PILITA CLARK
Den Kroolong got the jolting news in a 6am phone call at his home in northern Thailand one day in December last year. His boat had disappeared. Being an experienced fisherman, he had left it tied up securely on the banks of the Mekong River, a few minutes’ drive away.
But now a friend was calling to say something extraordinary had happened overnight to the river, which separates this part of Thailand from neighbouring Laos. It had suddenly become engorged by muddy, debris-filled flood waters and had risen by several metres. This was peculiar because December is in the region’s dry season, when the Mekong is normally so placid and low that people grow vegetables along its banks for cash and paddle off the sandy beaches that emerge on its shores.
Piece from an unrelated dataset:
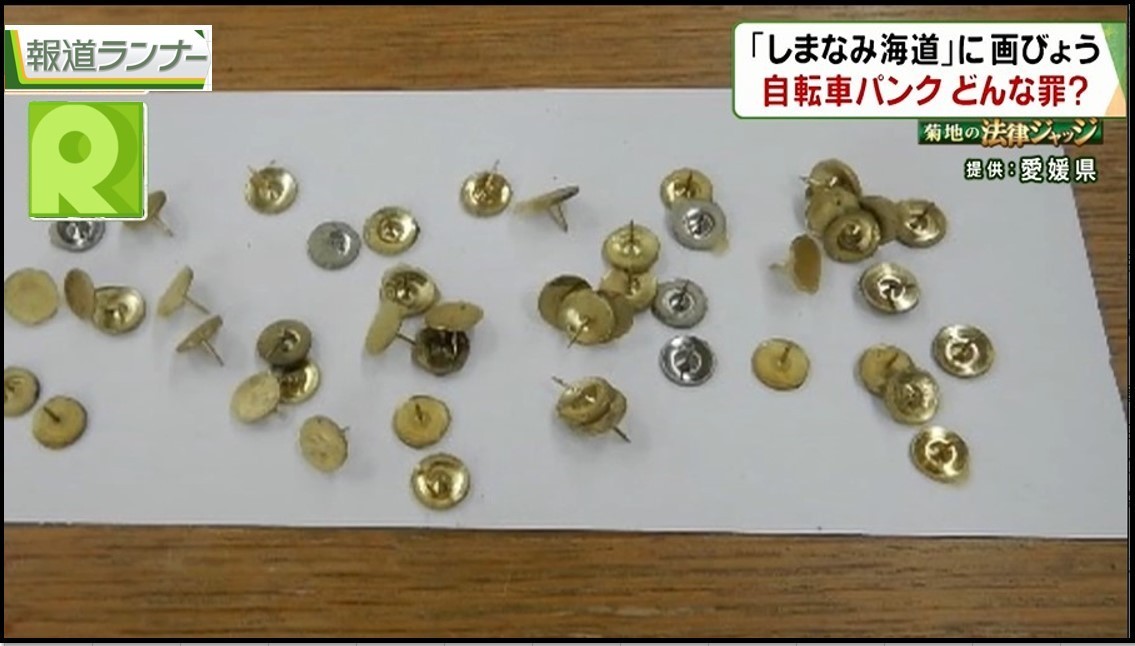 自転車のタイヤに刺さっているのは、画びょう。別の自転車にも…。この迷惑行為が起きたのは、広島県と愛媛県を結ぶ「しまなみ海道」です。
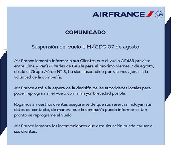 Por lo tanto, indicó que el vuelo de Air France en la ruta Lima – París, que estaba programado para el 7 de agosto, y el vuelo de KLM entre Lima y Ámsterdam, programado para el 6 de agosto, están suspendidos y tendrán que reprogramarse.

Kroolong, a 53-year-old grandfather who started fishing on the Mekong when he was nine, was shocked by what he saw when he reached the river. “It was the first time in my life I had ever seen anything like it,” he said one steamy day in April when he took me down to the banks to explain what had happened.
Everything along the banks had been hit. Riverside crops of tomatoes and cabbage were swept away. Fish farms were wrecked. Boats were sunk, battered and, like Kroolong’s craft, carried off by the surging waters. He and a friend jumped into another boat and sped down the river to see if they could find the missing vessel, steering frantically to dodge the tree branches and rubbish being swept along the swirling water.
A few hours later, they discovered that villagers on the Laos side of the river had picked up his boat. “I told them, ‘This is my boat. I want it back’,” said Kroolong.
“They said, ‘If you want it you have to pay 15,000 baht’.” That was about $460, a large sum for a man who had been making around $6 a day selling the fish he pulled from the river. Convinced the police would be no help, Kroolong left his boat behind, along with a way of life.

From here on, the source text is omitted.